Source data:
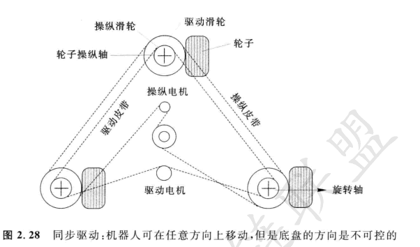 在室內移動機器人應用中,同步驅動結構(圖2.28)是一種流行的輪子裝配,也是 一個令人很感興趣的結構。因為它雖然有3個驅動和操縱輪,可是總共只用了2個電機。一個平移電機設置3個輪子一起的速度; 一個操縱電機,使所有輪子繞著它們 各自的垂直操縱軸一起旋轉。但要注意的是,輪子是相對于機器人的底盤受操縱的, 所以,沒有直接方法重新設定機器人底盤的方向。實際上,由于凹凸不平輪胎的滑動,在整個時間里底盤方向一定會漂移,造成旋轉的航位測定誤差。
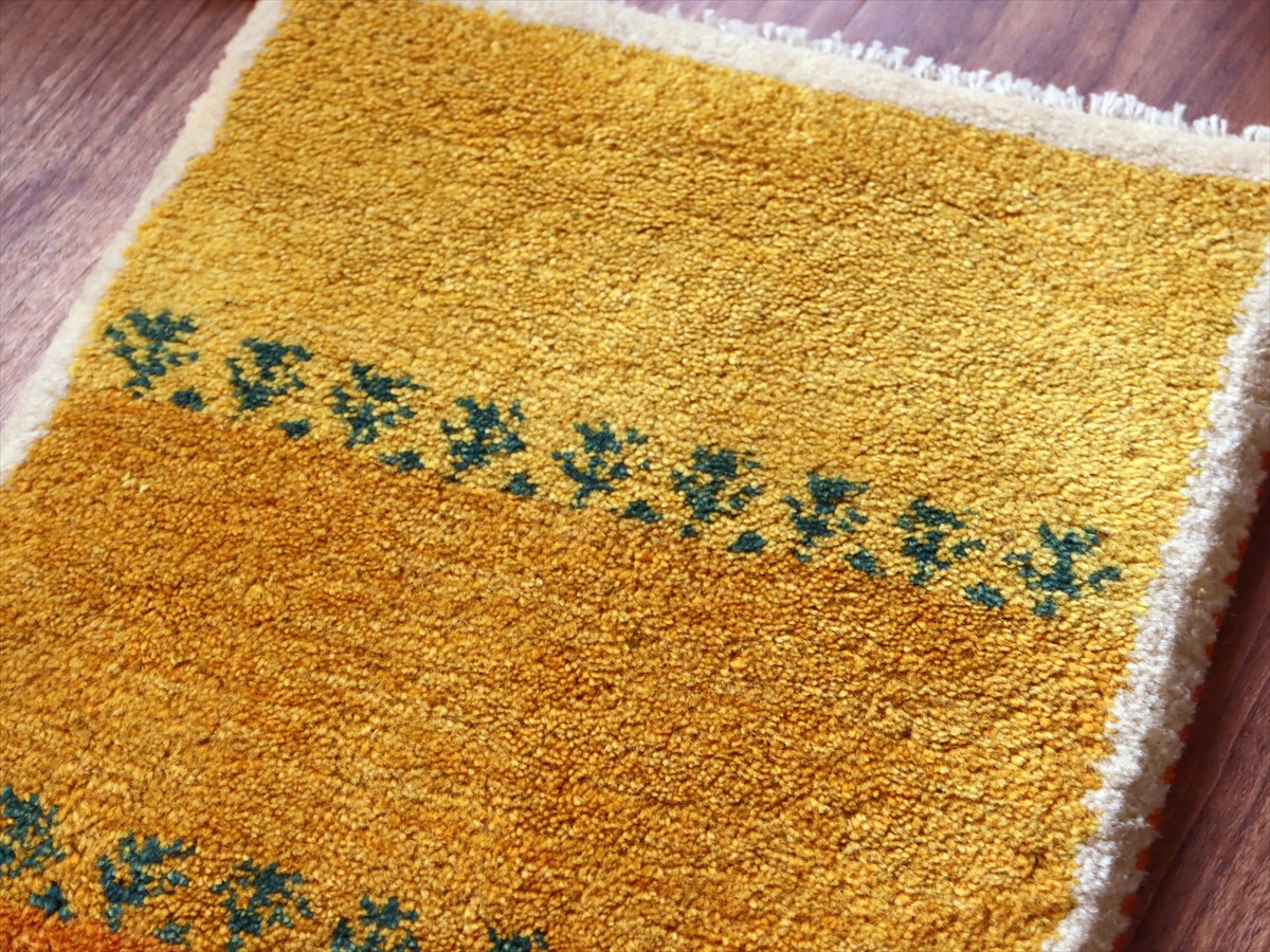 Key:ギャッベ,ギャベ,一点もの 現品販売 ラグ,ウール製,イラン,手織り,じゅうたん,絨毯,座布団, イエロー オレンジ 黄色 草木染, ガラタバザール Gabbeh, Handmade, Hand knotted, Tribal rug, Iran carpet, Wool, Natural Dye,
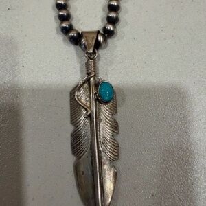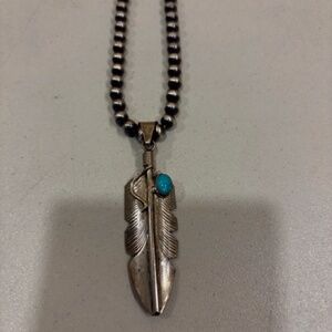 Sterling & turquoise feather pendant signed CC, pendant only
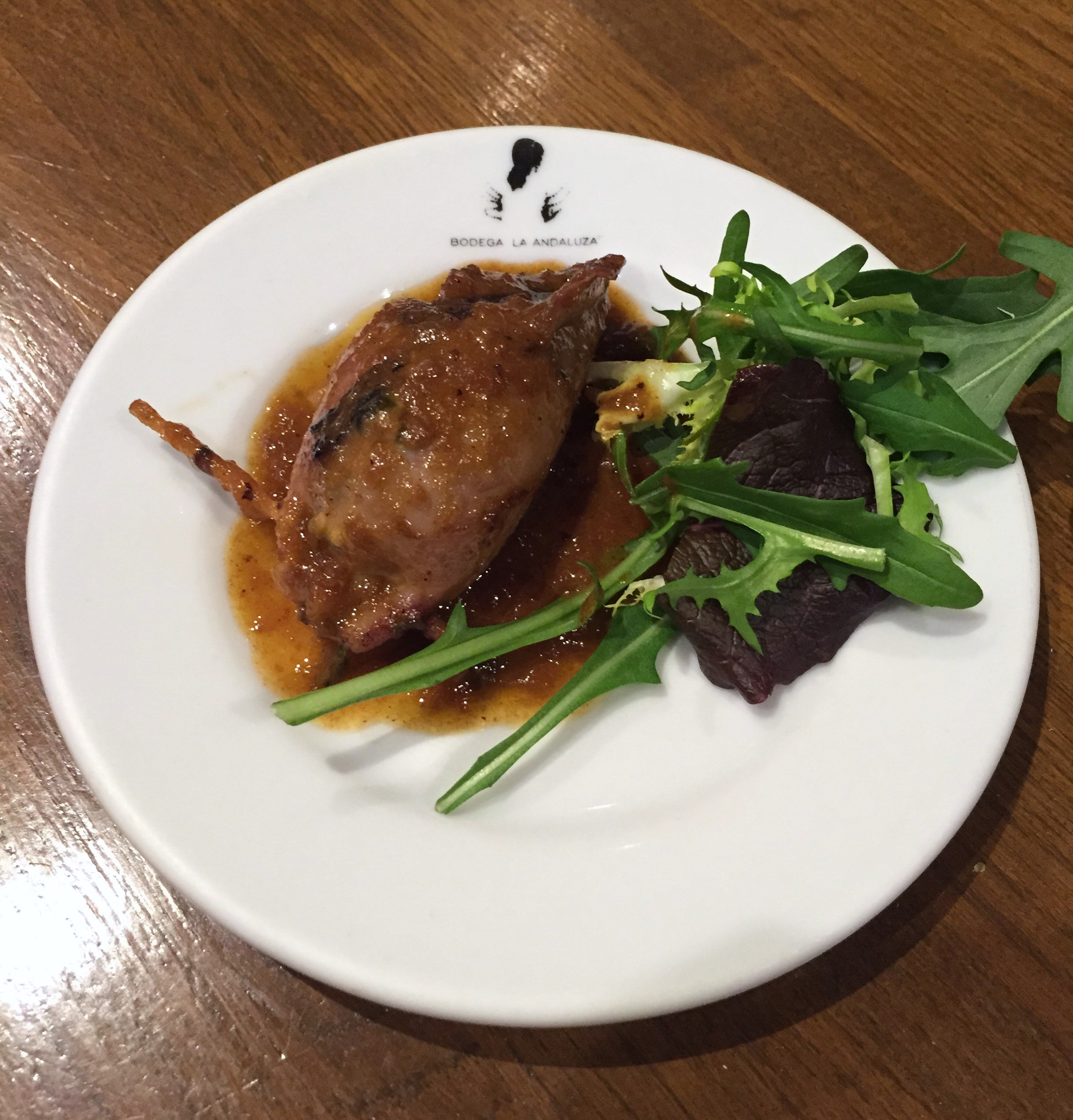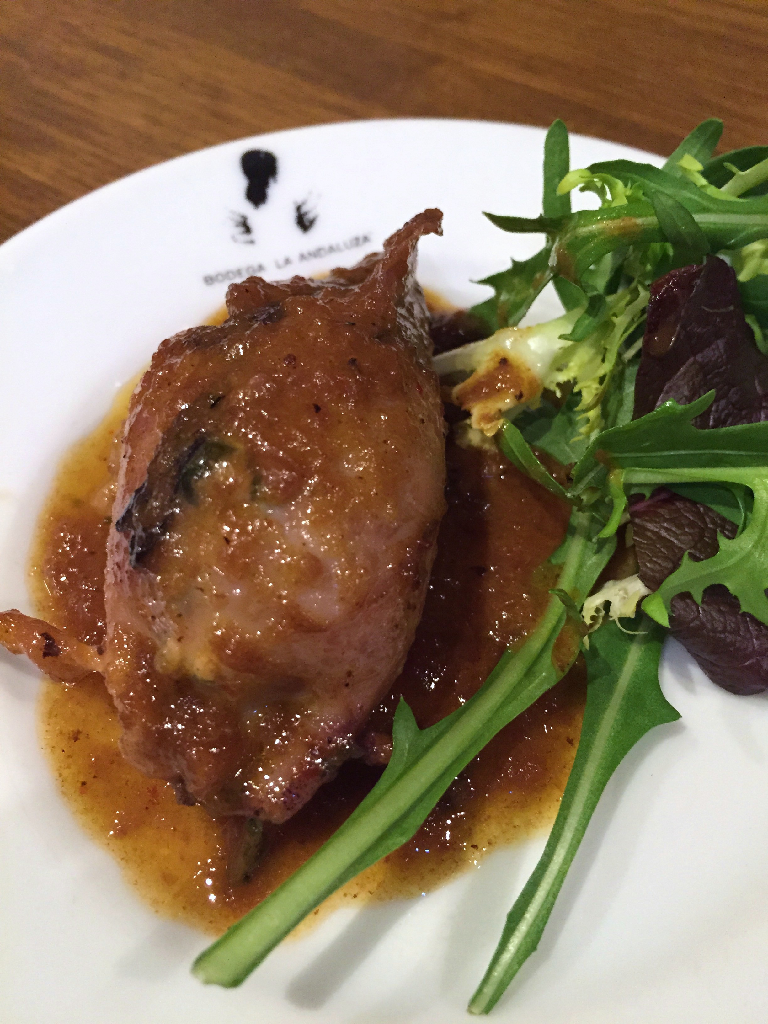 Homenaje a la Hermandad de los Estudiantes. Se trata de un chipirón relleno de un clásico pisto con sus patitas, espinacas y gambas. Muy agradable y tradicional, de gran sabor pero sobra tanta rúcula.
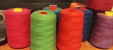 Vendo per inutilizzo filo in poliestere per macchine da cutito e fai da te. 10000 yard I colori gialli sono nuovi, ancora imballati. Gli altri sono aperti ma ne manca molto poco. Totale 15 pezzi
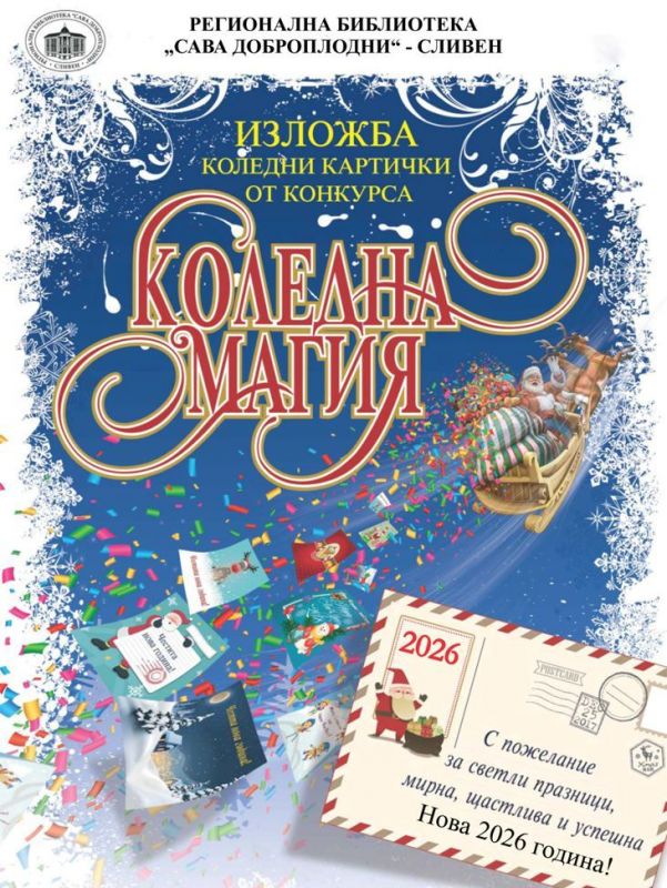Програмата „Коледа в библиотеката“ – 2025 на Регионална библиотека „Сава Доброплодни“ в Сливен завърши с награждаването на победителите в конкурса за коледна картичка и оригинално коледно пожелание „Коледна магия“ – 2025.

Exercise directions: Leave the pictures out and output all of the data verbatim.

Completed exercise:
 在室內移動機器人應用中,同步驅動結構(圖2.28)是一種流行的輪子裝配,也是 一個令人很感興趣的結構。因為它雖然有3個驅動和操縱輪,可是總共只用了2個電機。一個平移電機設置3個輪子一起的速度; 一個操縱電機,使所有輪子繞著它們 各自的垂直操縱軸一起旋轉。但要注意的是,輪子是相對于機器人的底盤受操縱的, 所以,沒有直接方法重新設定機器人底盤的方向。實際上,由于凹凸不平輪胎的滑動,在整個時間里底盤方向一定會漂移,造成旋轉的航位測定誤差。
 Key:ギャッベ,ギャベ,一点もの 現品販売 ラグ,ウール製,イラン,手織り,じゅうたん,絨毯,座布団, イエロー オレンジ 黄色 草木染, ガラタバザール Gabbeh, Handmade, Hand knotted, Tribal rug, Iran carpet, Wool, Natural Dye,
 Sterling & turquoise feather pendant signed CC, pendant only
 Homenaje a la Hermandad de los Estudiantes. Se trata de un chipirón relleno de un clásico pisto con sus patitas, espinacas y gambas. Muy agradable y tradicional, de gran sabor pero sobra tanta rúcula.
 Vendo per inutilizzo filo in poliestere per macchine da cutito e fai da te. 10000 yard I colori gialli sono nuovi, ancora imballati. Gli altri sono aperti ma ne manca molto poco. Totale 15 pezzi
Програмата „Коледа в библиотеката“ – 2025 на Регионална библиотека „Сава Доброплодни“ в Сливен завърши с награждаването на победителите в конкурса за коледна картичка и оригинално коледно пожелание „Коледна магия“ – 2025.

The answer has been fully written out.